In an interesting case on harassment, the Employment Appeal Tribunal has highlighted a gap in the protection afforded to individuals by the Sexual Orientation Regulations 2003.
The decision reached in English v Thomas Sanderson Blinds Ltd confirms that the current law prohibiting harassment on the grounds of sexual orientation does not cover “homophobic banter directed towards a man who (a) is not gay, (b) is not perceived /assumed to be gay by his fellow workers and (c) accepts they do not believe him to be gay”.

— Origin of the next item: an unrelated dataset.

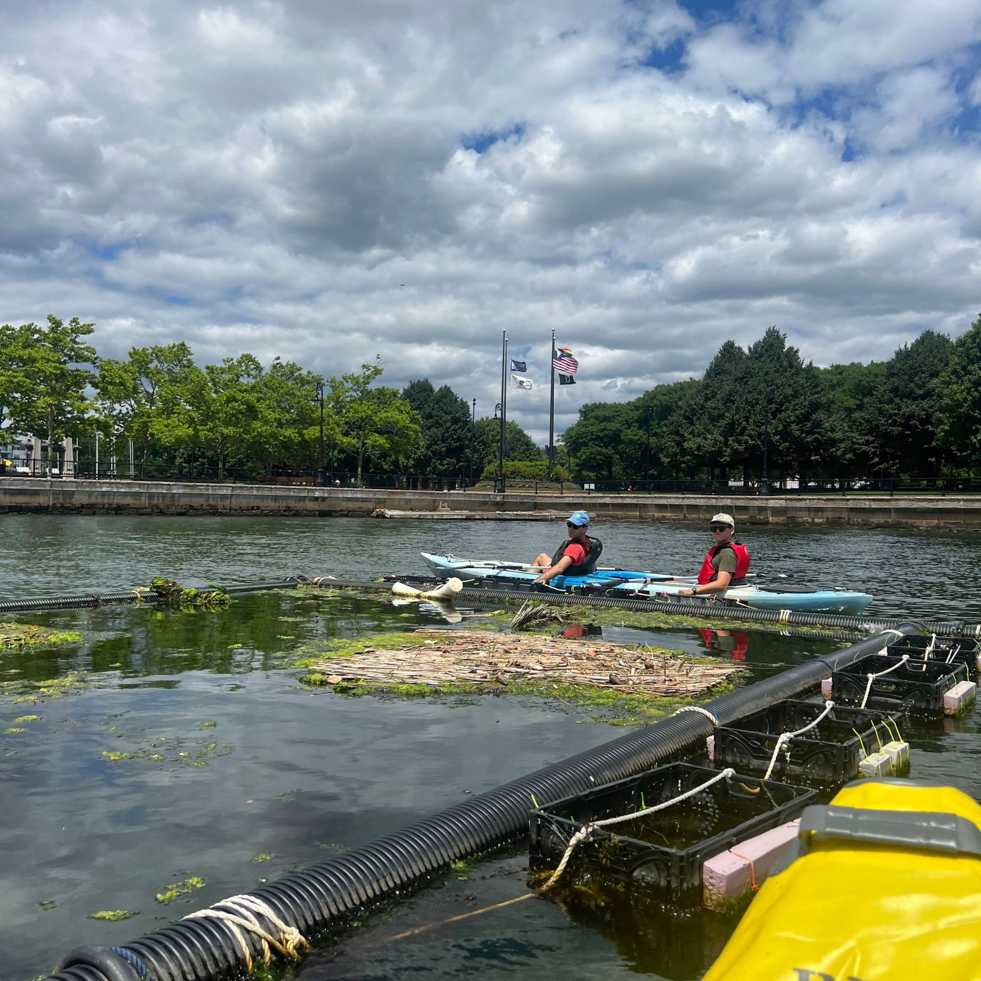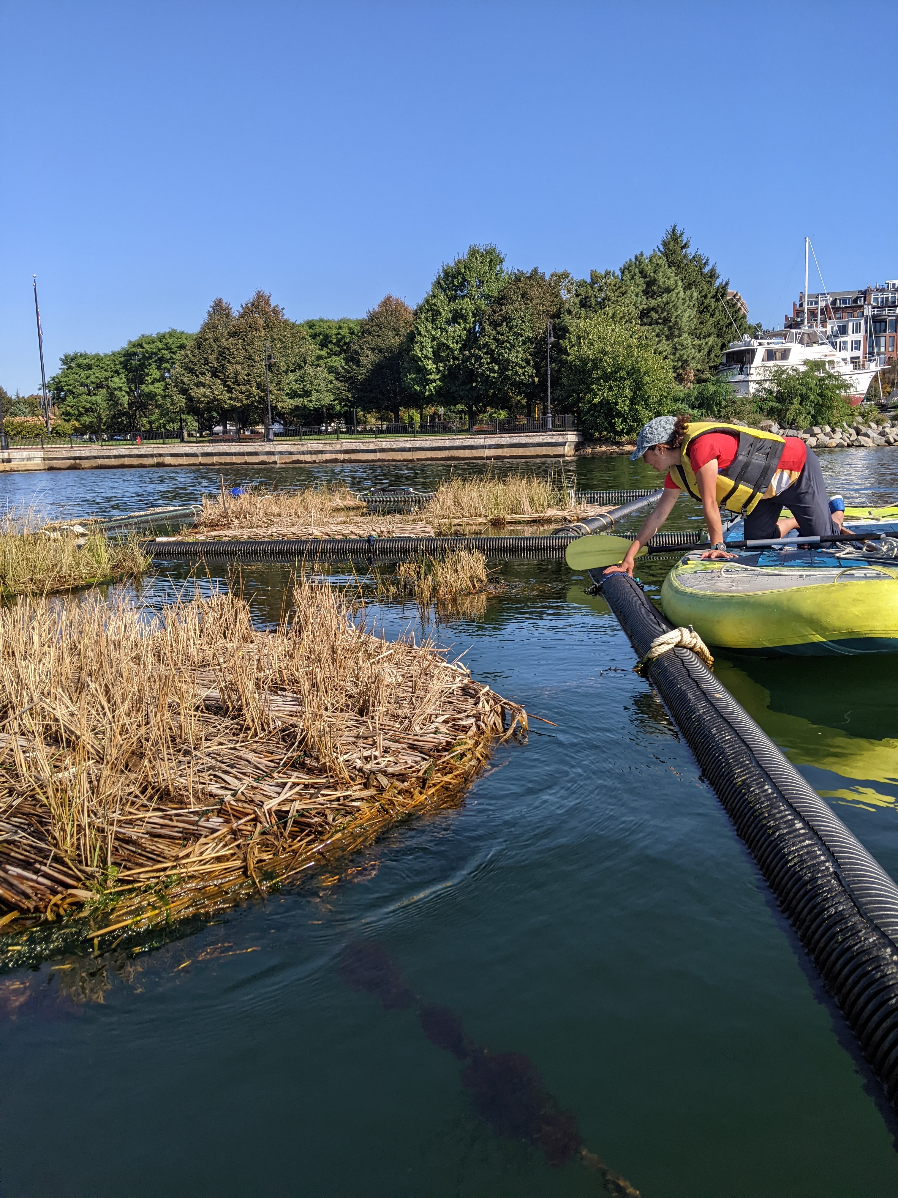 The Floating Frame is visible from shore at Piers Park in East Boston. It allowed for lots of experimentation with our prototype design, as we could quickly launch new prototypes there using only kayaks. The frame can hold up to a dozen prototypes, eliminating the challenge of individual anchors or buoys for each prototype, and making it much easier to routinely monitor them. Prototypes were positioned within the frame and affixed to it with nylon rope. Additional floating elements were attached to the outer perimeter to conduct smaller experiments that focused on Spartina seed immersion growing and buoyancy foam alternatives.

Mr English worked for Thomas Sanderson Blinds Ltd under a contract for services, which ended on 26 August 2005. Following the termination of his contract, he entered an Employment Tribunal claim against the company, alleging (amongst other complaints) harassment contrary to the Sexual Orientation Regulations 2003. his claim was that throughout his engagement with the company, he had been subjected to sexual remarks and jokes made by his colleagues, to the effect that he was homosexual. It was alleged that the taunting or “banter” which followed had been started by a manager, upon discovering that Mr English had been to boarding school and lived in Brighton. It was accepted by both parties that despite these facts, Mr English was actually not homosexual and those making the jokes knew this to be the case. Mr English even accepted that his colleagues did not believe him to be homosexual.
In considering the case, the Employment Tribunal found that Mr English did not fall into any of the categories afforded protection against harassment. Regulation 5 of the Sexual Orientation Regulations 2003, provides that:
“5 Harassment on grounds of sexual orientation
(1) For the purposes of these Regulations, a person (“A”) subjects another person (“B”) to harassment where, on the grounds of sexual orientation, A engages in unwanted conduct which has the purpose or effect of-
(a) violating B’s dignity; or
(b) creating an intimidating, hostile, degrading, humiliating or offensive environment for B.
(2) Conduct shall be regarded as having the effect specified in paragraph (1)(a) or (b) only if, having regard to all the circumstances, including in particular the perception of B, it should reasonably be considered as having that effect.”
The law is derived from a European Directive, which defines harassment as a form of discrimination arising from unwanted conduct, related to any of the considered grounds (including sexual orientation).
In reaching its decision in this case, the EAT concluded that the aims of the European Directive were not met by the wording of Regulation 5 and Mr English was not entitled to rely on the Regulations in his complaint against the company. The EAT found:
“In these circumstances we have concluded that, on the facts, the unwanted conduct was not on grounds of sexual orientation. The homophobic banter (on the necessary assumption contrary to the Respondent’s case) unacceptable as it was, was a vehicle for teasing the Claimant…It was not based on their perception nor even incorrect assumption that he was gay.”
For these reasons the appeal against the Employment Tribunal’s decision, was dismissed, but Mr English was given leave to appeal to the Court of Appeal.